-------- GIVEN DATA

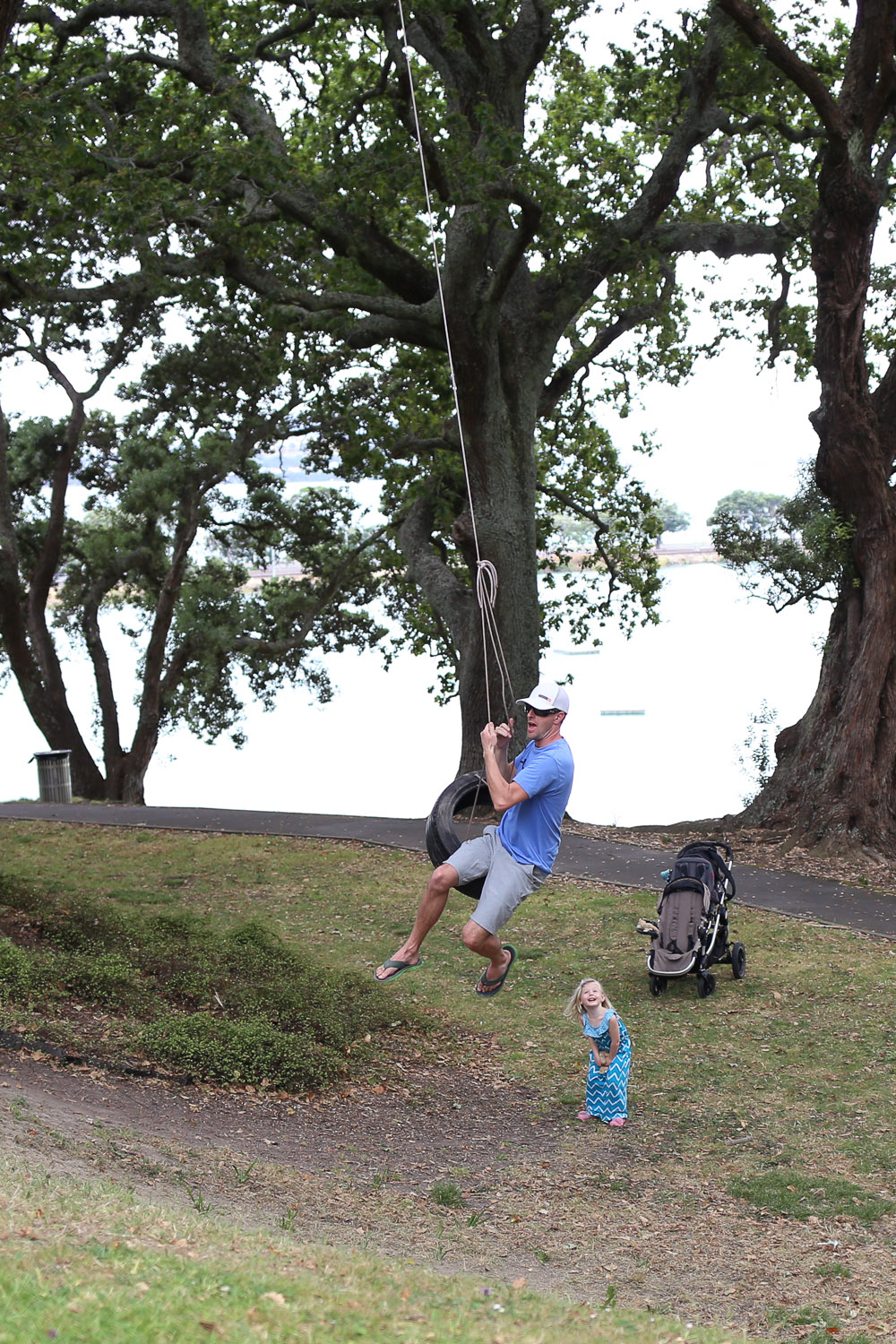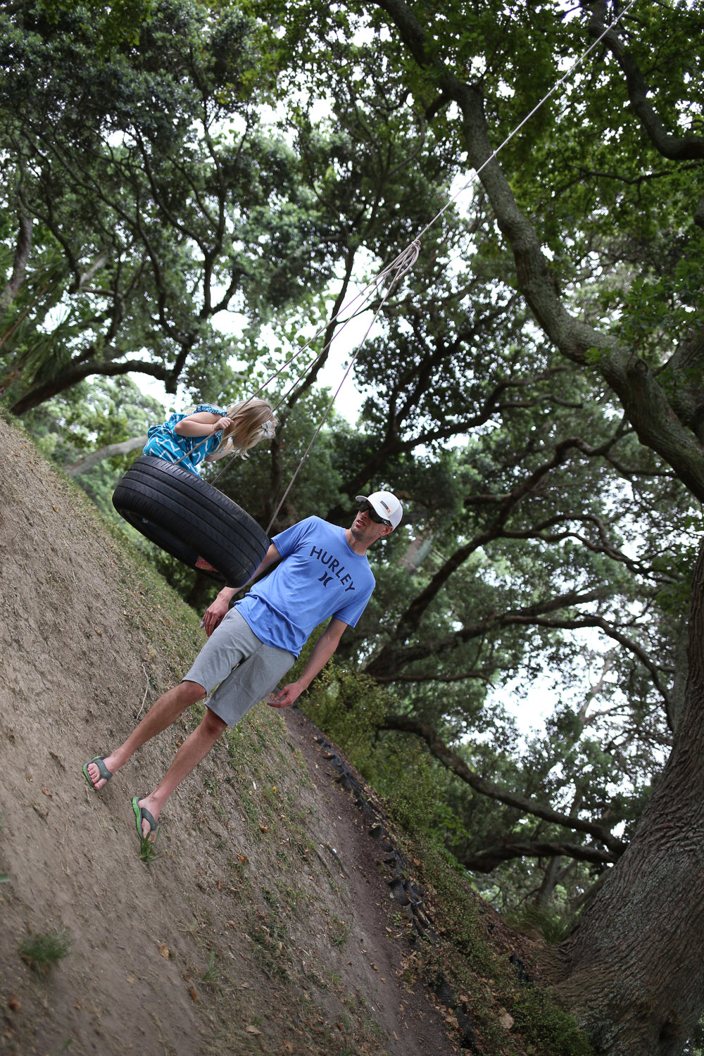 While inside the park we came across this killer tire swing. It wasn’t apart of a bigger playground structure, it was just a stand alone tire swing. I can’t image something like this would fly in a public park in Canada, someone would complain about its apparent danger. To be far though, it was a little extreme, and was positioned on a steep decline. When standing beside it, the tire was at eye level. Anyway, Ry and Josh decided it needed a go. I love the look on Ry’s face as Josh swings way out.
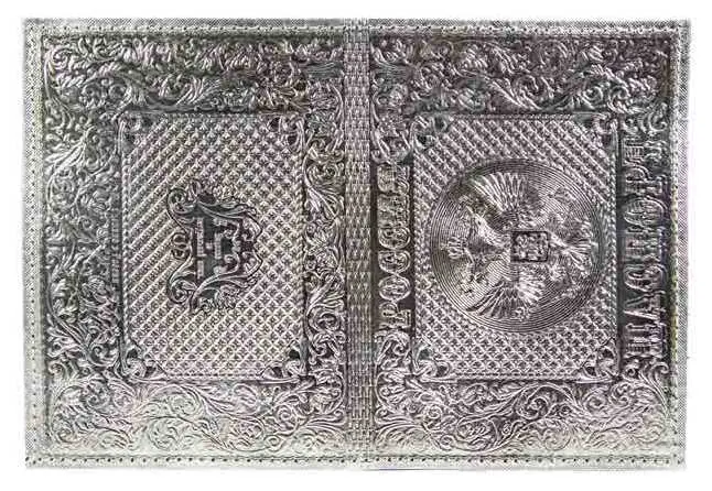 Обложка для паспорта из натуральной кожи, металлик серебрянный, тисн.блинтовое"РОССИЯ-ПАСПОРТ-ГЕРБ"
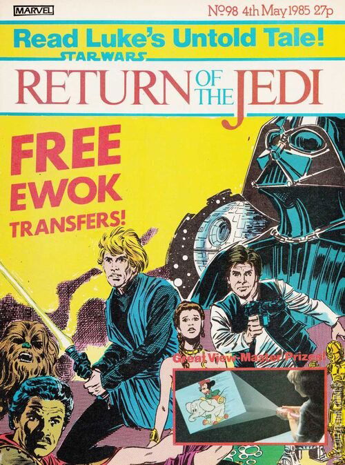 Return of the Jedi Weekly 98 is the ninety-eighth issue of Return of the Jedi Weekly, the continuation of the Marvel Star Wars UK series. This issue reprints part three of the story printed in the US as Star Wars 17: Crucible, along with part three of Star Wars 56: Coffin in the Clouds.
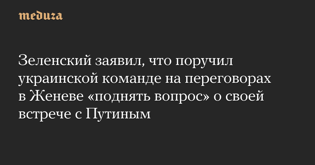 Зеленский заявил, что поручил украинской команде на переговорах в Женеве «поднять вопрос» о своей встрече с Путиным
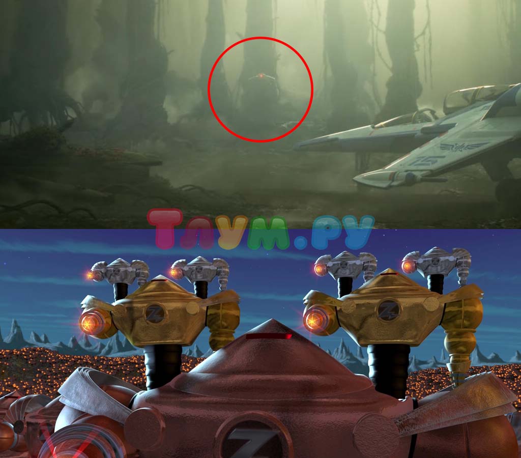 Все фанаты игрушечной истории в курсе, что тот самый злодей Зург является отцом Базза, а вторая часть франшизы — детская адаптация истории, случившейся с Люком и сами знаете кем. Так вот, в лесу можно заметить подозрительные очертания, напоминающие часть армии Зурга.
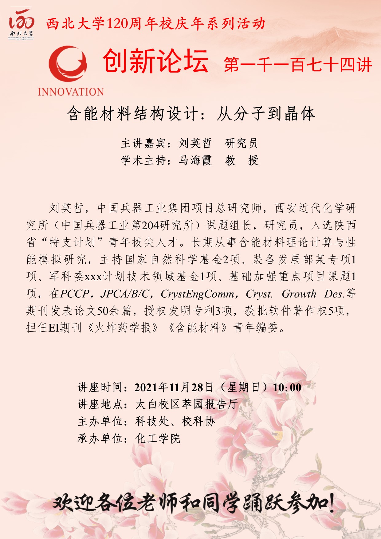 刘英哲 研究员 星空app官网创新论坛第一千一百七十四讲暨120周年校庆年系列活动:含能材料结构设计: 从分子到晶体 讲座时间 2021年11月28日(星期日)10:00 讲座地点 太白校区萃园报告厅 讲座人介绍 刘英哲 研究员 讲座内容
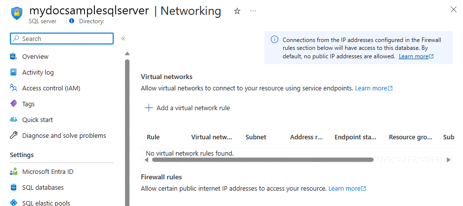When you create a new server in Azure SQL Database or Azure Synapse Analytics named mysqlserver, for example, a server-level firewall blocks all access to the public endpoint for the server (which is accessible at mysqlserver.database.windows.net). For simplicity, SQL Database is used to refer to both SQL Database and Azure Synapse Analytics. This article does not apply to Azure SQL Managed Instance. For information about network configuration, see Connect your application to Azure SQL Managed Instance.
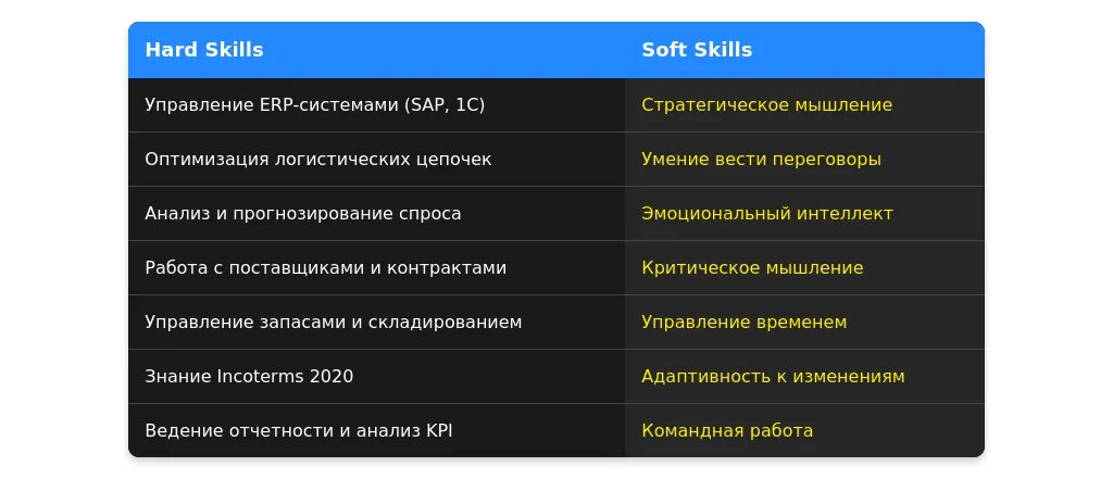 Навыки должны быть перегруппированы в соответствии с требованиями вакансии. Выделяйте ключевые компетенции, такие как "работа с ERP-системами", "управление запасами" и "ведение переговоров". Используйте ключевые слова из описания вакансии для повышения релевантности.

----------------

TASK TO CARRY OUT: Return every record exactly, leaving out the pictures.

SOLUTION TO THE EXERCISE:
 While inside the park we came across this killer tire swing. It wasn’t apart of a bigger playground structure, it was just a stand alone tire swing. I can’t image something like this would fly in a public park in Canada, someone would complain about its apparent danger. To be far though, it was a little extreme, and was positioned on a steep decline. When standing beside it, the tire was at eye level. Anyway, Ry and Josh decided it needed a go. I love the look on Ry’s face as Josh swings way out.
 Обложка для паспорта из натуральной кожи, металлик серебрянный, тисн.блинтовое"РОССИЯ-ПАСПОРТ-ГЕРБ"
 Return of the Jedi Weekly 98 is the ninety-eighth issue of Return of the Jedi Weekly, the continuation of the Marvel Star Wars UK series. This issue reprints part three of the story printed in the US as Star Wars 17: Crucible, along with part three of Star Wars 56: Coffin in the Clouds.
 Зеленский заявил, что поручил украинской команде на переговорах в Женеве «поднять вопрос» о своей встрече с Путиным
 Все фанаты игрушечной истории в курсе, что тот самый злодей Зург является отцом Базза, а вторая часть франшизы — детская адаптация истории, случившейся с Люком и сами знаете кем. Так вот, в лесу можно заметить подозрительные очертания, напоминающие часть армии Зурга.
 刘英哲 研究员 星空app官网创新论坛第一千一百七十四讲暨120周年校庆年系列活动:含能材料结构设计: 从分子到晶体 讲座时间 2021年11月28日(星期日)10:00 讲座地点 太白校区萃园报告厅 讲座人介绍 刘英哲 研究员 讲座内容
When you create a new server in Azure SQL Database or Azure Synapse Analytics named mysqlserver, for example, a server-level firewall blocks all access to the public endpoint for the server (which is accessible at mysqlserver.database.windows.net). For simplicity, SQL Database is used to refer to both SQL Database and Azure Synapse Analytics. This article does not apply to Azure SQL Managed Instance. For information about network configuration, see Connect your application to Azure SQL Managed Instance.
 Навыки должны быть перегруппированы в соответствии с требованиями вакансии. Выделяйте ключевые компетенции, такие как "работа с ERP-системами", "управление запасами" и "ведение переговоров". Используйте ключевые слова из описания вакансии для повышения релевантности.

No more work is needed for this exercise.